→ **About this exercise**
Begin at the line containing "Question 72: Match" in the records below, end at the line containing "After GUANXIU, (Chinese", and retype each line in that span exactly. No other line and no image should appear.

→ **Source records**
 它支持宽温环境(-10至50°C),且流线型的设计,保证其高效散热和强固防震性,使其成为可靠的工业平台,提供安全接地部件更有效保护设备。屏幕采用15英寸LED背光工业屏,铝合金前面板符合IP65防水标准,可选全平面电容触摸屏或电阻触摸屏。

...

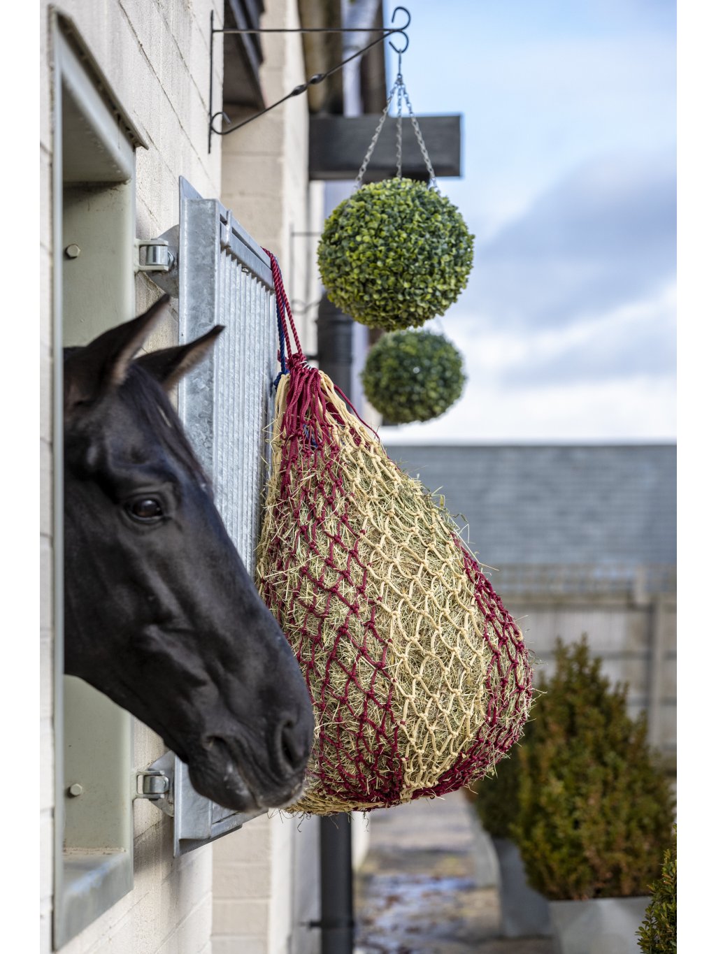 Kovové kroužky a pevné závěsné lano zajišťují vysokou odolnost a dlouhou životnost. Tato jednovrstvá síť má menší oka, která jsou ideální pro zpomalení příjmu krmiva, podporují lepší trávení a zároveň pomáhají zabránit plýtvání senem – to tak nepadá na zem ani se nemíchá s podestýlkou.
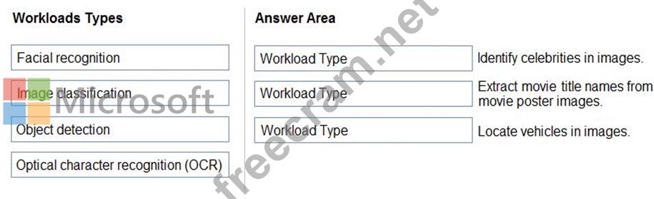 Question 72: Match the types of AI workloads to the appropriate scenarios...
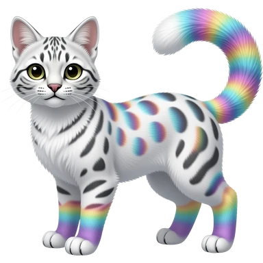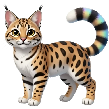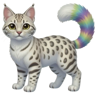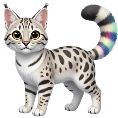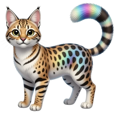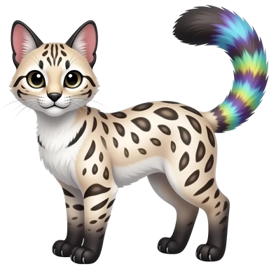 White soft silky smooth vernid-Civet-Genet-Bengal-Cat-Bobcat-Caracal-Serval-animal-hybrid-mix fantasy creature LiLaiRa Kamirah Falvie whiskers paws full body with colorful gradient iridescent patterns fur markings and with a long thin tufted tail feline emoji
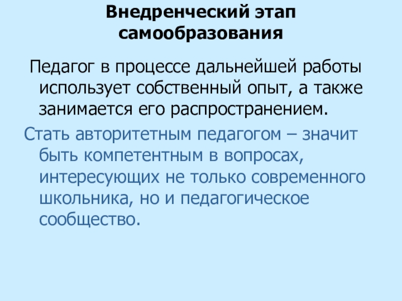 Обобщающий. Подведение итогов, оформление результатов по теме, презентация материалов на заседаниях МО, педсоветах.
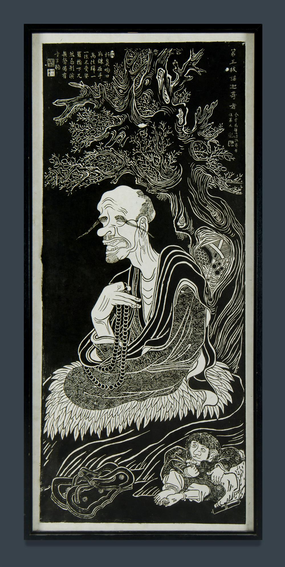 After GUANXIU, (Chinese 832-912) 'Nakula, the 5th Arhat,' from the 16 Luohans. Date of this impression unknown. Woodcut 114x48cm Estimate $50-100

* * *

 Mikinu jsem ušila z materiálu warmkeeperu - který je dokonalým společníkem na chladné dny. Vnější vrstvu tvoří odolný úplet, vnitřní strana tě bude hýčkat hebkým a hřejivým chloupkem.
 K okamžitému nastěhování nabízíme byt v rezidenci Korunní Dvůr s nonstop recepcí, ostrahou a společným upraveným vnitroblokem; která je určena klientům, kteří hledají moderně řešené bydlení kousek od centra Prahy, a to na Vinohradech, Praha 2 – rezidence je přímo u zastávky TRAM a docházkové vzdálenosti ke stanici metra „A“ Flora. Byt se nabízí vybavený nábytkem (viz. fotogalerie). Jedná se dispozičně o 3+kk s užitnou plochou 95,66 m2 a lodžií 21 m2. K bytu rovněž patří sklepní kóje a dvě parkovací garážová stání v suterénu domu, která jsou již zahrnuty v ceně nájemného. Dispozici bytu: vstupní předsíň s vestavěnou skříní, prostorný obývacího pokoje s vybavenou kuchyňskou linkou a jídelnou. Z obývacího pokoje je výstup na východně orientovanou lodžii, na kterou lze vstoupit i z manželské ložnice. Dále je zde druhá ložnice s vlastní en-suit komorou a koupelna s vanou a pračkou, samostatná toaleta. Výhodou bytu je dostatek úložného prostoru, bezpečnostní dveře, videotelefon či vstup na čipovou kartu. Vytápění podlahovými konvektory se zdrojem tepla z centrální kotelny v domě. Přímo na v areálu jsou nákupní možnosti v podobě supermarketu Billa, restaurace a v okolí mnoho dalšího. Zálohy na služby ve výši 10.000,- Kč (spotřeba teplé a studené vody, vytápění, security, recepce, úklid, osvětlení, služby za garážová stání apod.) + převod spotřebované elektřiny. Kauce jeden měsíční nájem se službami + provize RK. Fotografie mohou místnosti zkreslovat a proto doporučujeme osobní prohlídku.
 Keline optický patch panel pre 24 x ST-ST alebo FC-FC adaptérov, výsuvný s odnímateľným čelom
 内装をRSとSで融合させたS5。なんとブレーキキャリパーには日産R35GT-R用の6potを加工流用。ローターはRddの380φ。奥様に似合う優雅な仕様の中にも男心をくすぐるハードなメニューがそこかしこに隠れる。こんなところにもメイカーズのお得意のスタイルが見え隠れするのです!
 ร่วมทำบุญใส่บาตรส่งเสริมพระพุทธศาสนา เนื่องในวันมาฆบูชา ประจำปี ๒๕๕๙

→ **Response to the task**
 Question 72: Match the types of AI workloads to the appropriate scenarios...
 White soft silky smooth vernid-Civet-Genet-Bengal-Cat-Bobcat-Caracal-Serval-animal-hybrid-mix fantasy creature LiLaiRa Kamirah Falvie whiskers paws full body with colorful gradient iridescent patterns fur markings and with a long thin tufted tail feline emoji
 Обобщающий. Подведение итогов, оформление результатов по теме, презентация материалов на заседаниях МО, педсоветах.
 After GUANXIU, (Chinese 832-912) 'Nakula, the 5th Arhat,' from the 16 Luohans. Date of this impression unknown. Woodcut 114x48cm Estimate $50-100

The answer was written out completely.